Les Fauvettes : lieu symbolique pour cinéma d’exception (Paris)
Aujourd’hui, vendredi 6 novembre, s’ouvre le cinéma des Fauvettes, en lieu et place du multiplexe Gaumont Gobelins. Alors… quoi de neuf docteur ? Le lieu, à l’architecture étonnante avec son patio végétal accueillant un bar sous une belle verrière, est entièrement consacré à des films anciens restaurés, selon la nouvelle devise que le lieu s’est choisie : « Versions restaurées, émotions intactes. »
Ce nouveau lieu, consacré à l’histoire vivante du 7e art, est le fruit de la volonté tenace du patron de Pathé, l’homme d’affaires et producteur Jérôme Seydoux (grand-père de Léa, jeune actrice au talent indéniable, mais qui ne doit pas sa carrière au seul hasard).
Pourquoi choisir ce lieu entre tous ? Parce qu’il revêt une haute valeur symbolique : au début du XXe siècle, il y avait à cet emplacement une salle de bal, puis un café-concert dirigé par Ernest Pacra, dont le nom figure sur l’enseigne. Plusieurs projections de grands films eurent alors lieu, dont Ali Baba et les 40 voleurs ou encore Le voyage dans la lune de Méliès. La Fondation Jérôme Seydoux-Pathé a donc tout naturellement choisi d’inscrire son grand projet dans un lieu chargé d’une belle et longue histoire.
Une programmation séduisante
Les cinq salles du cinéma des Fauvettes affiche d’ores et déjà une programmation alléchante, avec cinq films du puissant réalisateur hongkongais Won Kar-Wai. Les Parisiens qui ne connaissent pas encore ce cinéaste, souvent boudé par les grands festivals, ont une belle chance de découvrir son œuvre expérimentale, poétique, à l’ivresse mélancolique. Si le très accessible In the Mood for Love l’a largement fait connaître au public français, la plupart de ses œuvres les plus originales restent encore inconnues du grand public : Chungking Express, Happy Together, Nos années sauvages, Les anges déchus et Les cendres du temps – Redux.

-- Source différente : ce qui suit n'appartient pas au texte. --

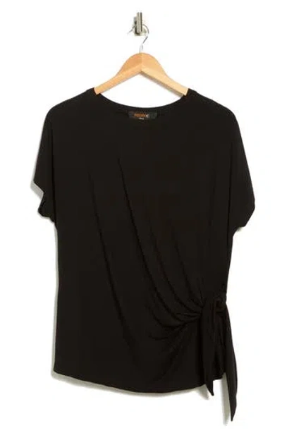 Solid Cowl Neck Cap Sleeve T-shirt In Black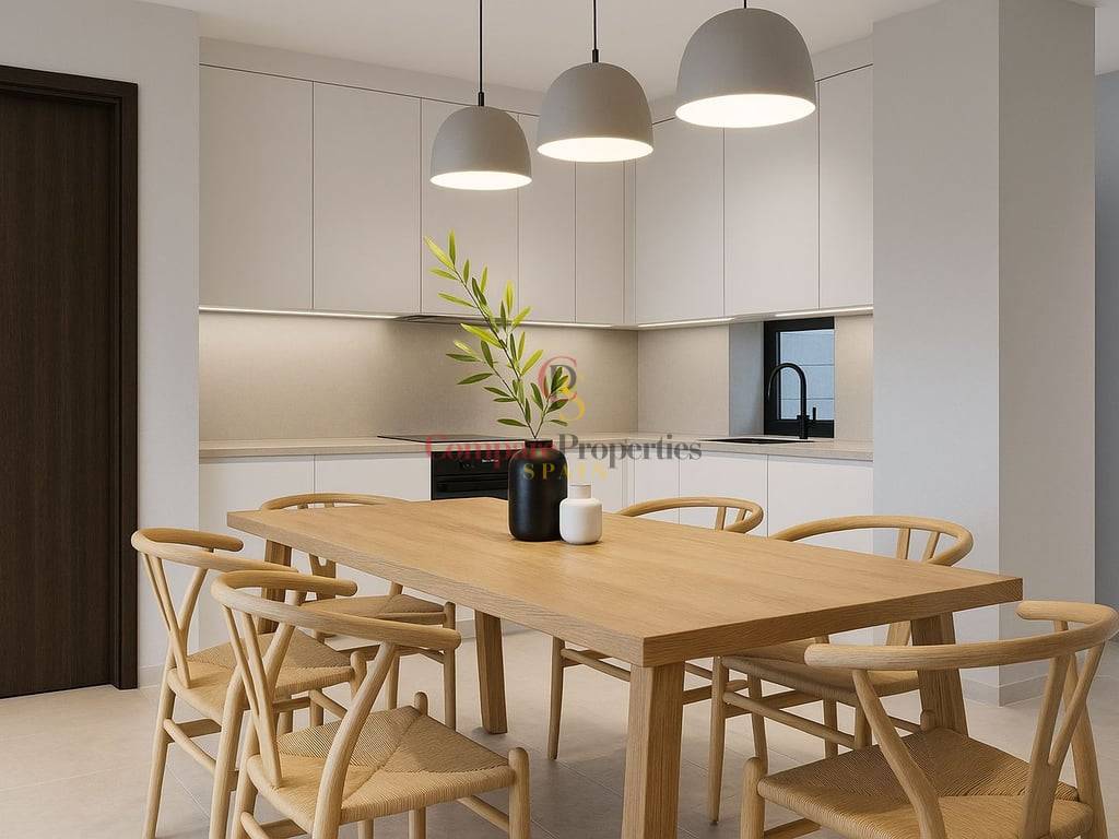 Die moderne offene Küche ist ein Traum für Kochliebhaber. Dieses Konzept fördert die soziale Interaktion, sodass Sie kochen können, während Sie besondere Momente mit Freunden und Familie teilen. Das Design ist funktional und hell und schafft eine angenehme Atmosphäre, um Ihre kulinarische Kreativität zu entfalten.

Au lendemain du 21 octobre 2015, il était presque inévitable que ce nouveau lieu du 7e art nous offre également à (re)voir l’incontournable trilogie de Retour vers le futur. Les Fauvettes annoncent par ailleurs une rétrospective Belmondo, avec dix films programmés, ainsi que la projection d’œuvres diverses telles que Casino, film de Martin Scorsese, récemment mis à l’honneur à Lyon, avec Robert De Niro et Sharon Stone, ou encore Le conformiste de Bernardo Bertolucci (1970) et Blade Runner de Ridley Scott (1982).
Des rencontres exceptionnelles
Les trois premières rencontres auront lieu dès la semaine prochaine.
- Mardi 10 novembre à 20h – Projection du Corniaud en présence de Danièle Thompson.
Si la fille et active collaboratrice de Gérard Oury n’a pas participé au scénario du Corniaud (1965), puisqu’elle n’a commencé à aider son père que l’année suivante, lors du tournage de La Grande Vadrouille, elle reste néanmoins un témoin privilégié de la conception de ce film.
- Mercredi 11 novembre à 16h – Rencontre avec Wim Wenders.
Palme d’or à Cannes pour Paris, Texas en 1984, honoré par un Ours d’honneur au dernier festival de Berlin, le réalisateur allemand présentera son film Jusqu’au bout du monde (1991), qu’il décrit ainsi : « Jusqu’au bout du monde est un film d’amour aventureux futuriste sous forme d’enquête sur les routes du monde, ou inversement. » La projection s’ensuivra évidemment.
- Jeudi 12 novembre à 20h – Rencontre avec l’Américain John Landis.
Le réalisateur de The Blues Brothers (1980) présentera son fameux film, avant sa projection.
Une nouveauté spectaculaire, à un bémol près
Ce que propose le cinéma des Fauvettes est une nouveauté spectaculaire, dans tous les sens du terme : la restauration demandée pour chaque film exige un travail minutieux de plusieurs mois. C’est tout un patrimoine qui est non seulement remis à l’honneur, mais proposé au public, comme le montre la vidéo pédagogique ci-dessus (on passera sur la voix off un peu niaise).
L’annonce est belle, le lieu attrayant, l’offre intéressante… reste le coût des places. Parce que le cinéma demeure un Gaumont Pathé, les places sont au même tarif que les autres salles de la chaîne. Dès lors qu’une personnalité n’est pas prévue au programme, les jeunes cinéphiles préfèreront probablement la cinémathèque. Il ne restera alors que les plus âgés qui, avec un peu de moyens, en profiteront allègrement.